(Beginning of Material supplied)

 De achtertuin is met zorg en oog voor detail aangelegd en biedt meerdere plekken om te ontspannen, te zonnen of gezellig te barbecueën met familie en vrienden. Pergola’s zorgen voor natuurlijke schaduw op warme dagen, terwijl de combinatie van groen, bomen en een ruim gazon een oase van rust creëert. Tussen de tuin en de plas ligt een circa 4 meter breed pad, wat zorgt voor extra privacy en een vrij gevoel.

(End of Material supplied)
(Beginning of Material supplied)

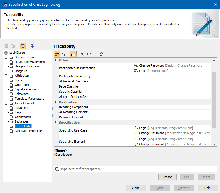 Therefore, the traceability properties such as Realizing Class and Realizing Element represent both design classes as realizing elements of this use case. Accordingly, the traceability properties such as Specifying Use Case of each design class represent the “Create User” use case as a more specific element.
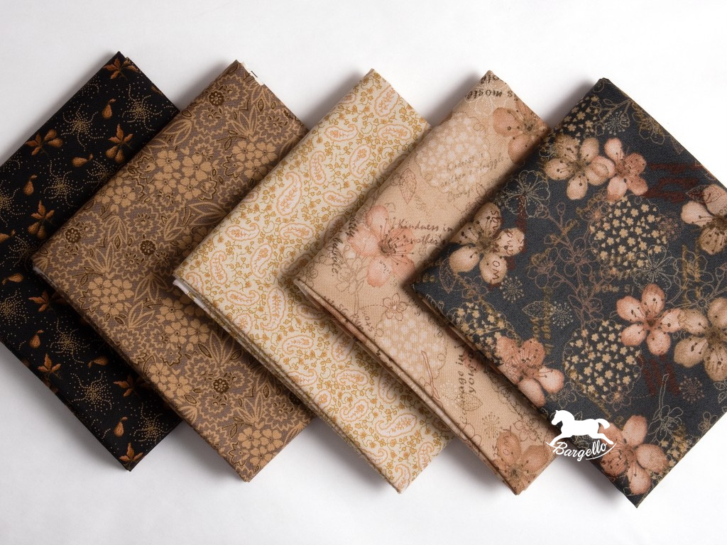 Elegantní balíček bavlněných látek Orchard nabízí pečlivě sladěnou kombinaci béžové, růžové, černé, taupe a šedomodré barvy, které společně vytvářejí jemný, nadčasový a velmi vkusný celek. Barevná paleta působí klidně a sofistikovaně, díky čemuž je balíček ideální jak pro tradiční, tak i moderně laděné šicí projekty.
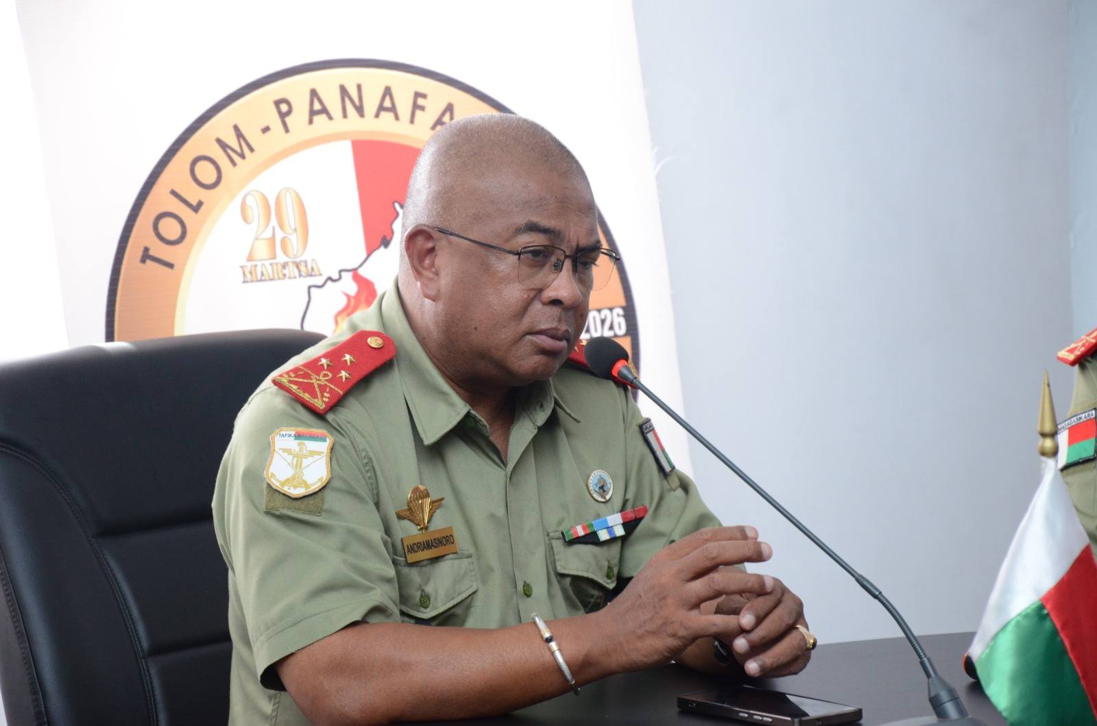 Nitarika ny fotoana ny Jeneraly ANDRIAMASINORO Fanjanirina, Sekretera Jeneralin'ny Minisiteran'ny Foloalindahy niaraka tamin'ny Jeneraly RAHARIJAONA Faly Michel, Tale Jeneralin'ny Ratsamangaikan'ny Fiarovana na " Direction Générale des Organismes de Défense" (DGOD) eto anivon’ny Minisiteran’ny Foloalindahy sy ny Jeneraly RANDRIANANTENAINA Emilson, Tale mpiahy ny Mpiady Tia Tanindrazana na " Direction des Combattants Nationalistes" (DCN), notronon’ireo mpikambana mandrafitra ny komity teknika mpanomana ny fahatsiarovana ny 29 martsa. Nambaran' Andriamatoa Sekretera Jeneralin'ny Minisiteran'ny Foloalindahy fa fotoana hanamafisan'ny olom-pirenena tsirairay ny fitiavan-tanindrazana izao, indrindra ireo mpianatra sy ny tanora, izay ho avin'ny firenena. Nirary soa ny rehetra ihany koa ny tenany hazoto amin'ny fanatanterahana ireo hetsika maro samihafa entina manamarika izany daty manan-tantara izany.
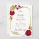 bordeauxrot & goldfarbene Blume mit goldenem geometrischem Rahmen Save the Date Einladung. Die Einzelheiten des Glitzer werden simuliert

(End of Material supplied)

Exercise aim >>
Starting from the line with "Elegantní balíček bavlněných" in the records above, repeat each line exactly until you have written the line with "Nitarika ny fotoana", then stop; drop the pictures.

Solved exercise >>
 Elegantní balíček bavlněných látek Orchard nabízí pečlivě sladěnou kombinaci béžové, růžové, černé, taupe a šedomodré barvy, které společně vytvářejí jemný, nadčasový a velmi vkusný celek. Barevná paleta působí klidně a sofistikovaně, díky čemuž je balíček ideální jak pro tradiční, tak i moderně laděné šicí projekty.
 Nitarika ny fotoana ny Jeneraly ANDRIAMASINORO Fanjanirina, Sekretera Jeneralin'ny Minisiteran'ny Foloalindahy niaraka tamin'ny Jeneraly RAHARIJAONA Faly Michel, Tale Jeneralin'ny Ratsamangaikan'ny Fiarovana na " Direction Générale des Organismes de Défense" (DGOD) eto anivon’ny Minisiteran’ny Foloalindahy sy ny Jeneraly RANDRIANANTENAINA Emilson, Tale mpiahy ny Mpiady Tia Tanindrazana na " Direction des Combattants Nationalistes" (DCN), notronon’ireo mpikambana mandrafitra ny komity teknika mpanomana ny fahatsiarovana ny 29 martsa. Nambaran' Andriamatoa Sekretera Jeneralin'ny Minisiteran'ny Foloalindahy fa fotoana hanamafisan'ny olom-pirenena tsirairay ny fitiavan-tanindrazana izao, indrindra ireo mpianatra sy ny tanora, izay ho avin'ny firenena. Nirary soa ny rehetra ihany koa ny tenany hazoto amin'ny fanatanterahana ireo hetsika maro samihafa entina manamarika izany daty manan-tantara izany.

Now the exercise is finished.